Data for processing
-*-

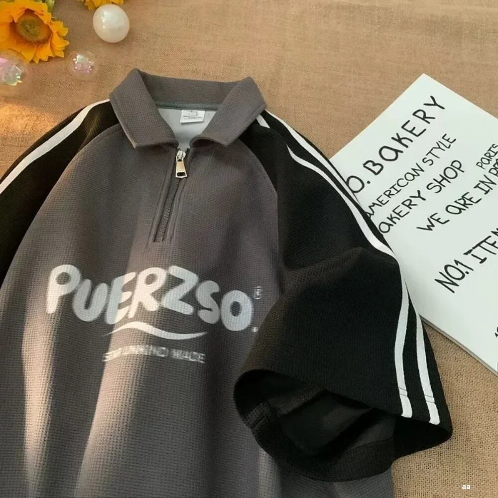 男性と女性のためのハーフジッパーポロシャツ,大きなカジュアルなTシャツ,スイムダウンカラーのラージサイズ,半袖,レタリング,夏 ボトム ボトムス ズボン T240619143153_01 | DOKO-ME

-*-

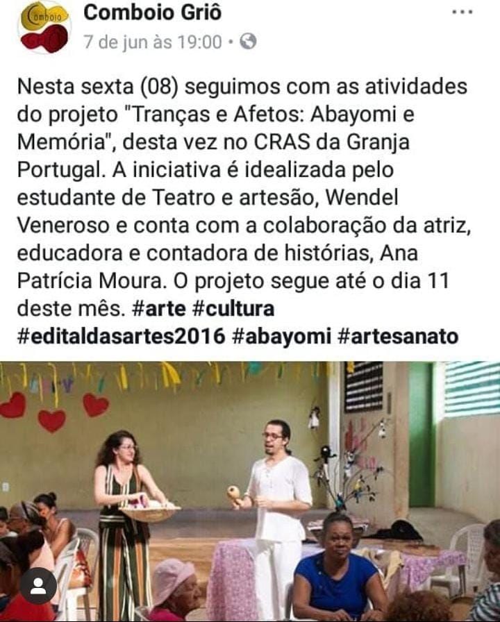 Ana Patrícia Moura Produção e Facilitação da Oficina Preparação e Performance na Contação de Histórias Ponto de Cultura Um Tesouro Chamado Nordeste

-*-

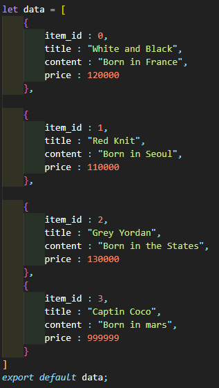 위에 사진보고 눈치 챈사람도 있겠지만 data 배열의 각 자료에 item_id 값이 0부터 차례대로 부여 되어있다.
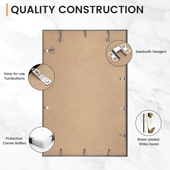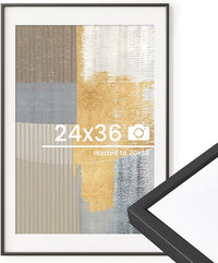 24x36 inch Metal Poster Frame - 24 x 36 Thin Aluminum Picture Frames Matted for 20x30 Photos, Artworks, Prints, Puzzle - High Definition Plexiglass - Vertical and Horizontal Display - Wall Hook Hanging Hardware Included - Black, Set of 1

-*-

Task requirements
If a picture sits between the line containing "위에 사진보고 눈치 챈사람도" and the line containing "24x36 inch Metal", leave it out, and return the lines of that range above exactly, both ends included.

Exercise response
 위에 사진보고 눈치 챈사람도 있겠지만 data 배열의 각 자료에 item_id 값이 0부터 차례대로 부여 되어있다.
 24x36 inch Metal Poster Frame - 24 x 36 Thin Aluminum Picture Frames Matted for 20x30 Photos, Artworks, Prints, Puzzle - High Definition Plexiglass - Vertical and Horizontal Display - Wall Hook Hanging Hardware Included - Black, Set of 1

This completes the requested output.